Placki sprawnym, aczkolwiek cichym, krokiem wyszedł z pokoju i pomaszerował w kierunku drzwi na zewnątrz. Na swojej drodze nie spotkał póki co nikogo.
Wkrótce dotarł do celu. Ostrożnie położył dłoń na klamce i ją nacisnął. Jednak drzwi ani drgnęły. Były zamknięte. Placki postanowił że spróbuje sie wydostać oknem. Jednak okna również były pozamykane. W dodatku gdy patrzył przez okna, widział tylko i wyłącznie mgłę. Nic poza tym...
Zaczął panikować i ponownie ze strachu poleciała mu łezka. Nagle zauważył na końcu korytrza dziwny stojak. Podszedł bliżej. Była to kroplówka. Nie miał zielonego pojęcia skąd ona się tutaj wzięła. Postanowił ją zignorować i pojść dalej.
Gdy wszedł do łazienki, zamarł. Na suficie oraz ścianie roztaczała się gigantyczna, ale to gigantyczna kilkumetrowa pajęczyna, a na niej siedziała dziwna istota wielkości człowieka. Była ona żółta z czerwonym odwłokiem. Posiadała osiem par odnóży, a na głowie wystawały jej uszy. Istota przekręciła głowę. Placki zobaczył coś co prawie spowodowało odróch wymiotny... Poranioną i zdeformowaną twarz skina Kalisa Pro.
Istota nagle zaczęła powoli schodzić z sieci. Placki natychmiast rzucił się do ucieczki, płacząc przy tym i krzycząc...

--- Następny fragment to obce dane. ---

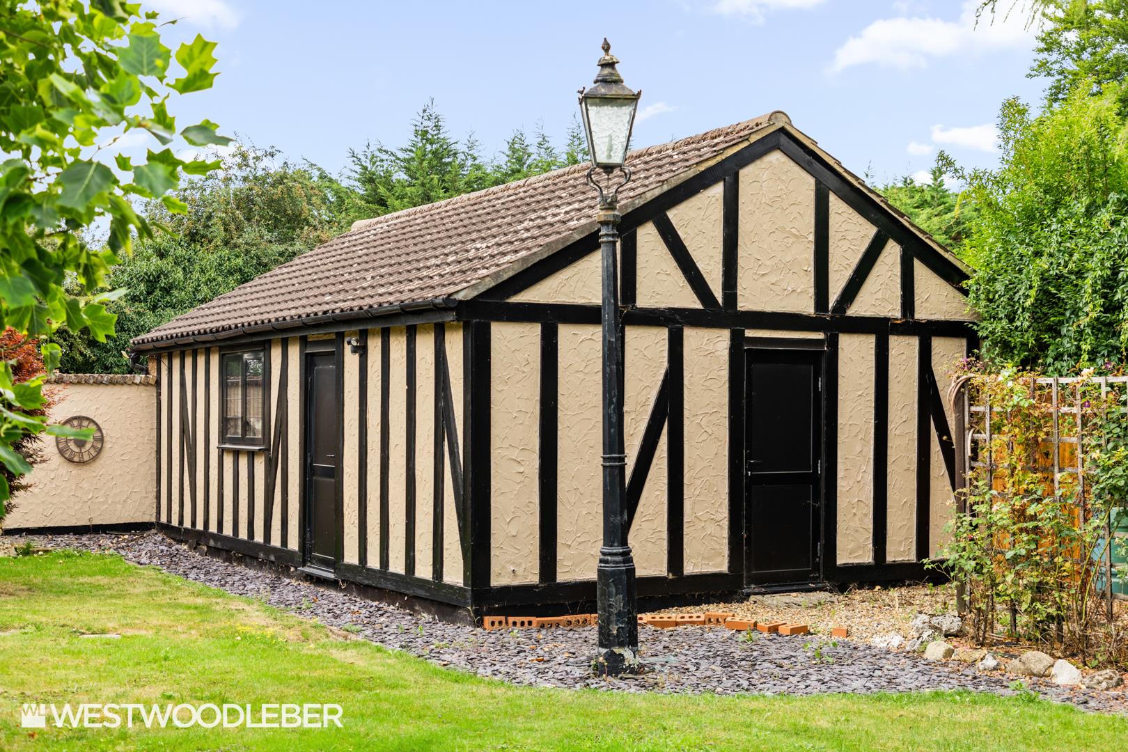 - Large sweeping driveway, double garage, two outbuildings, and a games room.

"Po wielkich wylupiastych oczach plackowi przyszło na myśl jedno... skin banana..." xDDD, dobre, plusik leci Smile
Ładne opowiadanie łap + Smile
Nie do danio tera to przeszłeś sam siebie epic MASZ TU PLUSEŁA +
Danio008 napisał(a):odróch
Bardzo dobry polski, nie ma co.
Ludzie wymyślcie już coś oryginalnego. Pomysł z Bananem jako złą postacią jest tak nadużywany, że aż szkoda gadać, zresztą tak samo, jak pomysł ze zdeformowanymi postaciami. O ile nie wiem, do jakiego filmu/książki/serialu/gry nawiązuje twoje opowiadanie, to jedyne co mi przychodzi na myśl to FNAF 4, ale co do tego pewności nie mam.
Plusa nie ma.
Twoje horrory krok po kroku przestają być straszne. Twoje pierwsze horrory (degradacja, gniew zaun) miały kopa, te już średnio, prawie w ogóle. Zresztą widać, że horror wzorowany delikatnie na FNAFie 4. Kroplówka, miś pocieszający dzieciaka, długi korytarz prowadzący do kuchni i sypialni rodziców... Cóż. To tylko moja opinia na temat twojego opowiadania.